McCain posits that the core of American foreign policy is that “universal human values exist and must be reflected in the way government and people relate to one another.” He went on to say that the first principle is to solidify relationships with countries and international institutions that embody our values, such as the United Nations, the Universal Declaration of Human Rights, the Marshal Plan and NATO. While acknowledging that Bosnia engaged our values but said that it promoted our national interests only to a limited degree. He criticized our intervention there as being open-ended.
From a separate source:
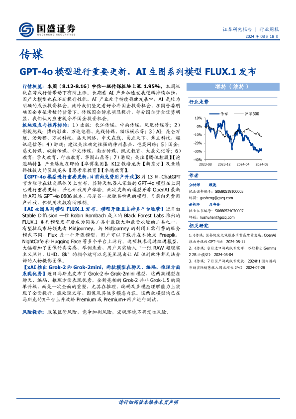 【国盛证券】【20240818】20240818-国盛证券-传媒行业周报:GPT-4o模型进行重要更新,AI生图系列模型FLUX.1发布-10页

He criticized the Clinton administration for not having a clear strategy on Iraq.

He picked the Iraq theme up on a floor speech in 1998. There he said that Iraq’s violations of U.N. resolutions could not be tolerated. “The time to talk may be over.” This is a little bit odd as Israel has violated more resolution than Iraq. The U.N. resolution argument seems like a justification for whatever you want to do, as it turned out to be in Iraq. In this speech McCain said that the elimination of Saddam Hussein was all that was needed to establish long term stability in the country. (I have heard him say recently that he did not ever take this position, but there it is.)

It seems to me that there has been a gap between what Senator McCain says and how he votes. (I by no means think that this is peculiar to him, but it is important to know how his voting record deviates from his talk and reputation.)

McCain spoke out prominently against torture when the topic came up in Congress a couple of years ago. This of course related to the central tenet of his 1998 foreign policy speech. In 2006, he neglected to vote against a bill to stop funding to the U.N. Human Rights Council. That same year he declined to support legislation emphasizing the country’s commitment to the Geneva Conventions. This of course made his talks against torture seem hollow.

In 2001 and 2003 he opposed tax cuts saying that they were unwarranted with increases in spending, as he talked in the 2000 primaries. He famously said in 2003 that it was immoral to cut taxes while at war.  This voting followed his defeat by Bush in the 2000 primaries and is at least by many attributed to some hostility over the campaign tactics that he complained about during the debates, particularly South Carolina. It appears to me though to be consistent with what he was saying during the primaries. Since then if has been uniformly in favor of all tax cuts and claims that our increases in defense spending over the last eight years must be significantly increased next year and in years afterwards.

In recent years he has supported every Iraq-related legislation backed by the administration. I include in this category his consistent refusal over the years of this administration to support veterans: in 2001 he voted against increasing medical care, favored legislation in 2004 to increase the tax burden on veterans, 2006 saw him again opposing increased medical benefits and funding for Department of Veteran Affairs. With respect to the troops he has opposed funding for equipment for the National Guard in 2003, for safety equipment for Iraq and last year voted against legislation assuring rest time between deployments. He has voted against all legislation recommending reduction of forces.

I cannot explain all these different positions but it seems to me that they all have one thing in common, political expedience.